Key takeaways
- Apple wound down its AI-powered virtual health coach project (“Mulberry/Health+”) and will ship features incrementally inside the Health app instead.
- A leadership shift (Eddy Cue overseeing health after Jeff Williams’ retirement) is driving a push to move faster and be more competitive.
- Competitive pressure is rising from Oura and Whoop (stronger app-driven insights), plus broader ecosystem rivals like Samsung and platforms like Strava.

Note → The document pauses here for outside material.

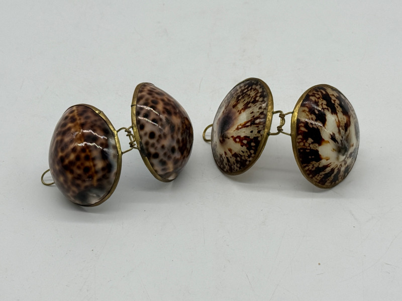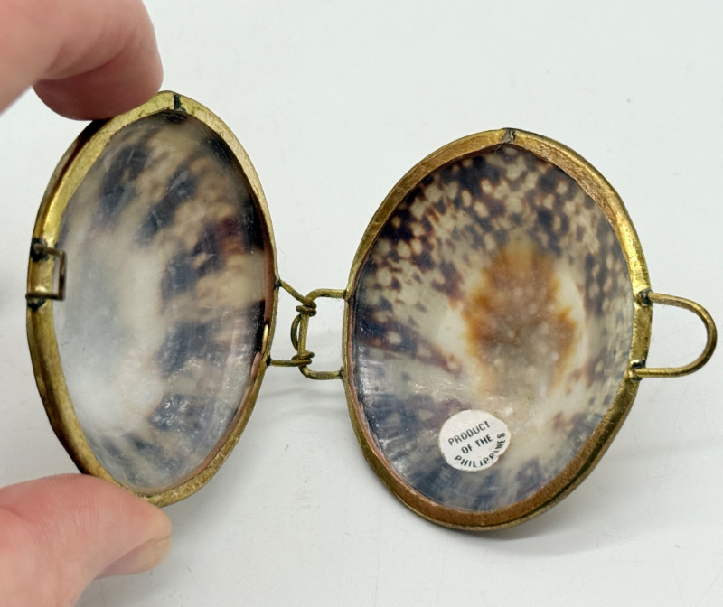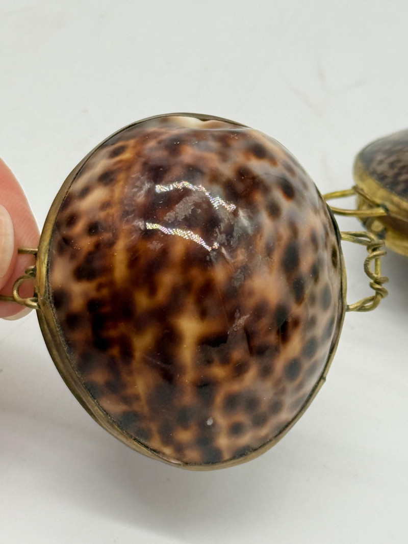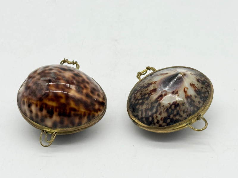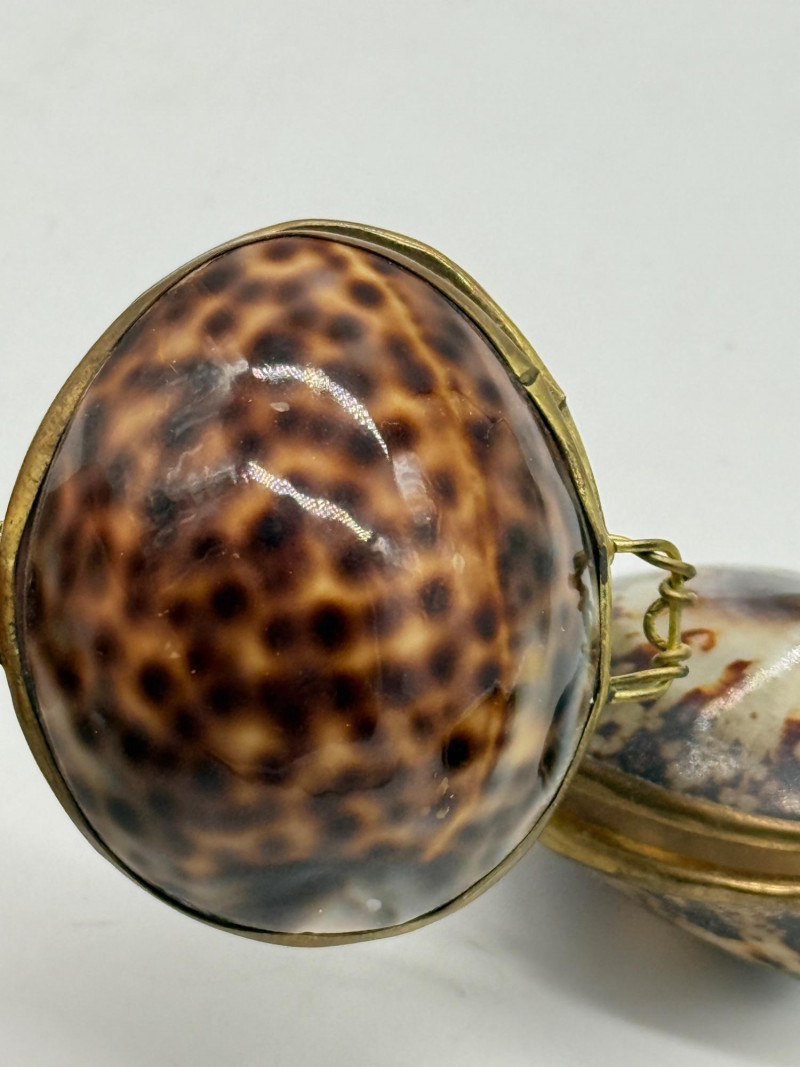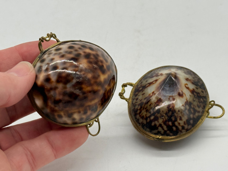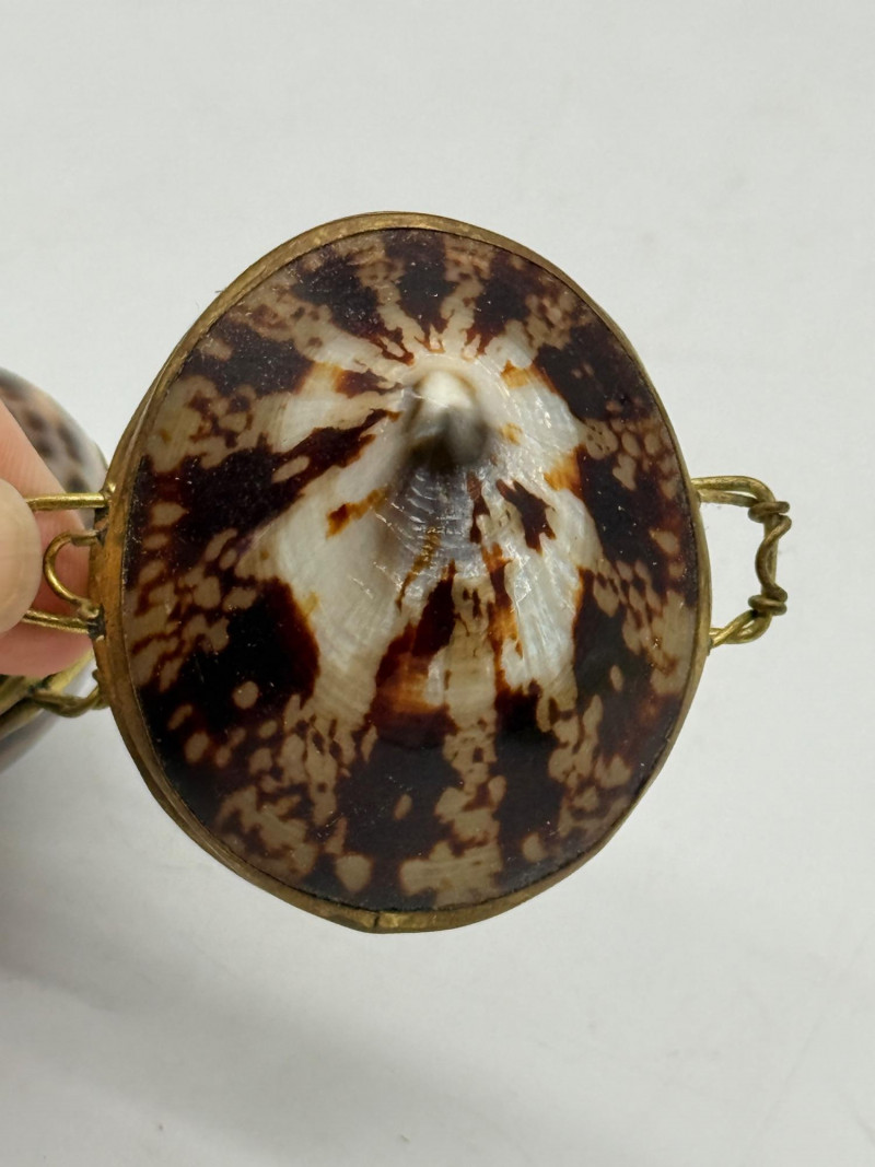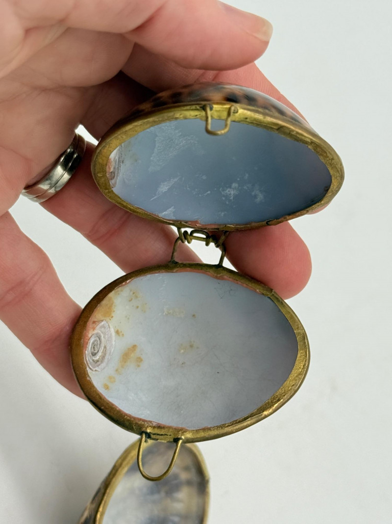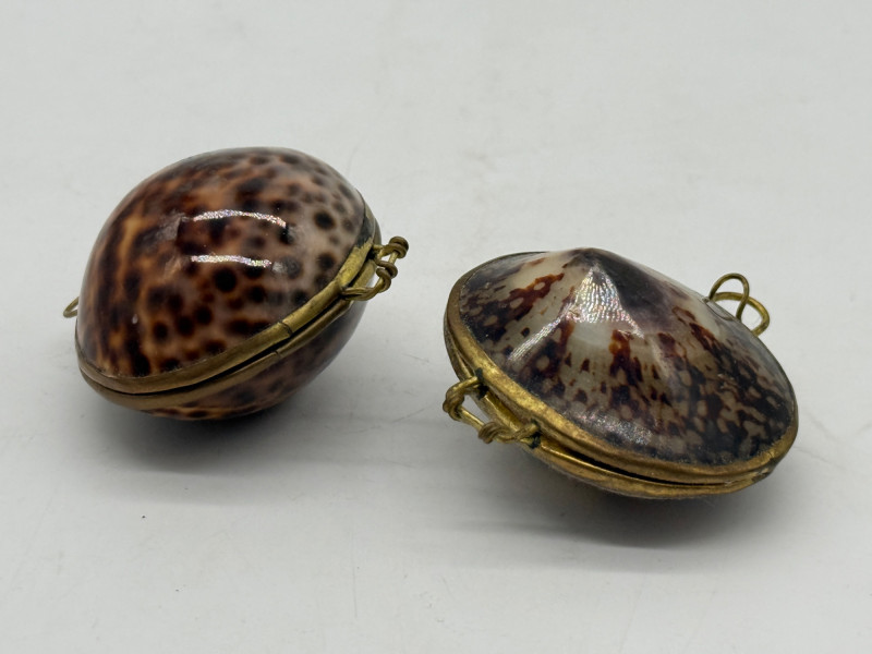 Lot # 54 - Vintage Clam Shell Trinkets w/ Hinged Brass Trim

- Apple will still reuse investments: Health content studio videos, personalized Health suggestions, and gait analysis via iPhone camera may roll out sooner as standalone features.
What Happened?
Apple scaled back its planned AI-based virtual health coach service (internally “Mulberry,” also referred to as “Health+”) in recent weeks. Instead of launching a single bundled subscription-like offering, Apple plans to release parts of the feature set gradually within the existing Health app. The move follows a leadership change in Apple’s health organization, with services head Eddy Cue taking over oversight after Jeff Williams retired.
Why It Matters?
For investors, this is a signal that Apple is rethinking how to win in services-adjacent wellness, a category that could expand recurring revenue but is getting crowded fast. The pivot suggests Apple wasn’t confident the all-in “coach” product was differentiated enough versus best-in-class wearables and apps that deliver more actionable insights. It also hints at execution pressure: shipping features piecemeal can accelerate time-to-market and reduce “big launch” risk, but it may dilute the narrative of a major new paid service and slow near-term monetization. Longer term, Apple’s advantage remains distribution (iPhone + Watch + Health app), but the market is shifting toward insight quality and behavioral coaching, where competitors are moving quickly.
What’s Next?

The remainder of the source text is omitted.